Task to complete: Read the records below. Copy each line where the string "SLGS" occurs.

[Dataset items]
● ● ● ●

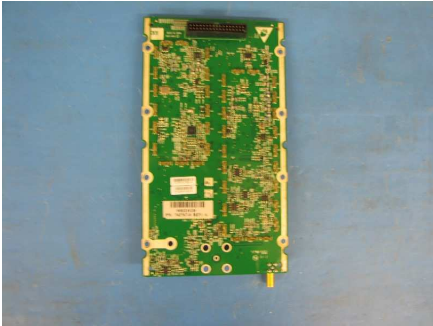
PCB Assembly Bottom View Ant Port without shielding – SRAU
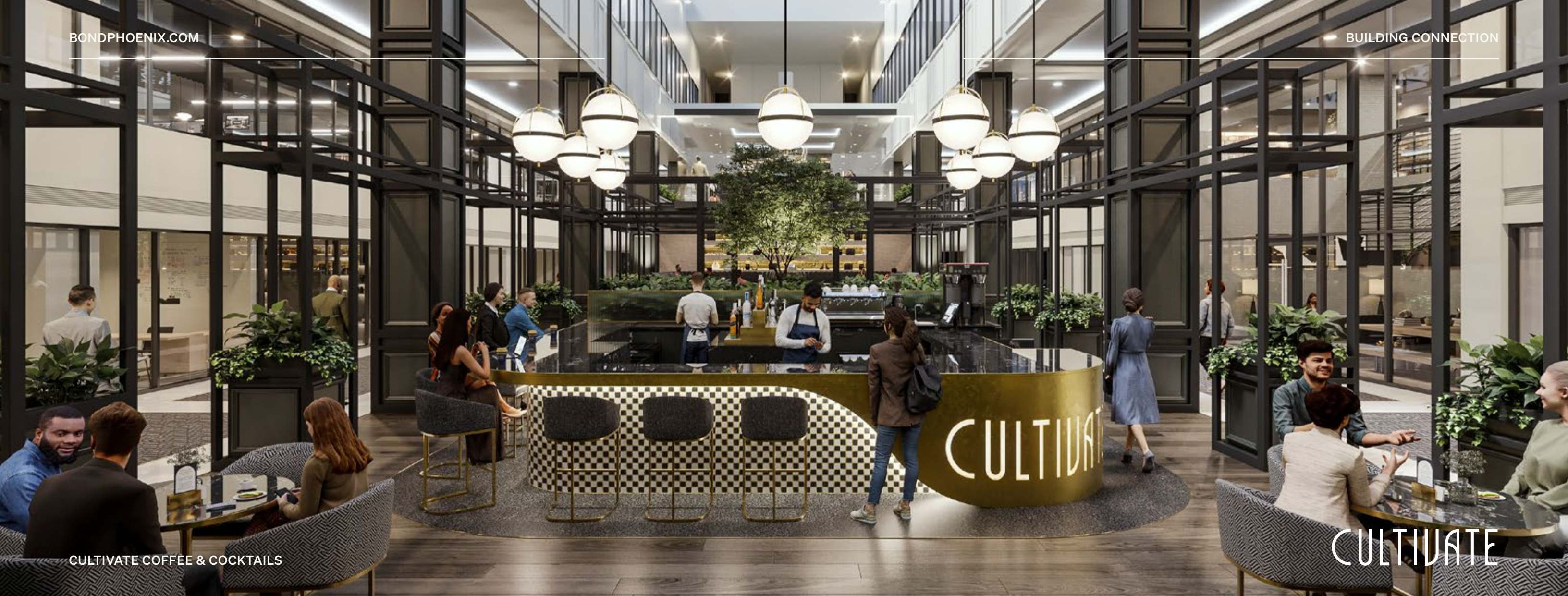
CULTIVATE COFFEE & COCKTAILS
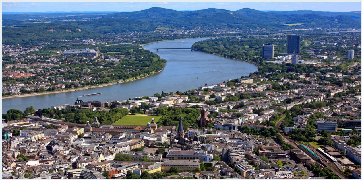
City of Bonn
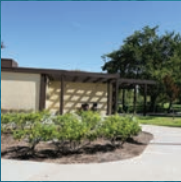
Deerfield Community Center & Park 55 Deerwood West 949-724-6725
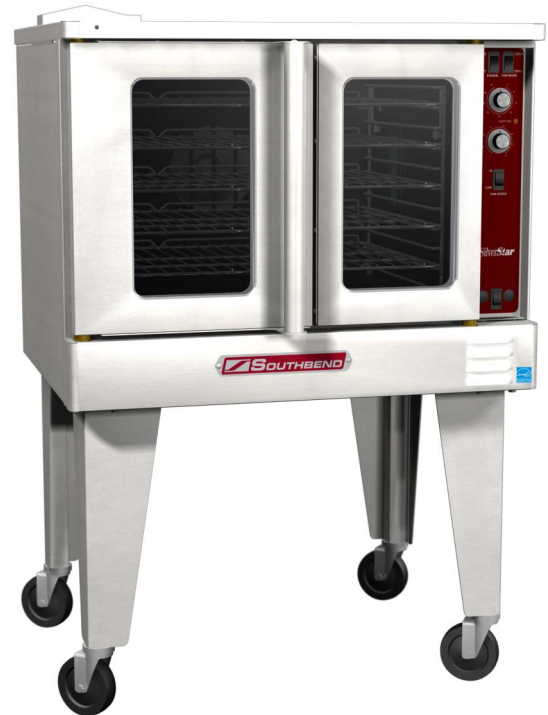
(SLGS/12SC shown with optional casters)

SLGS/12SC, SLGS/12CCH SLGB/12SC, SLGB/12CCH

● ● ● ●

Result of this exercise:
(SLGS/12SC shown with optional casters)
SLGS/12SC, SLGS/12CCH SLGB/12SC, SLGB/12CCH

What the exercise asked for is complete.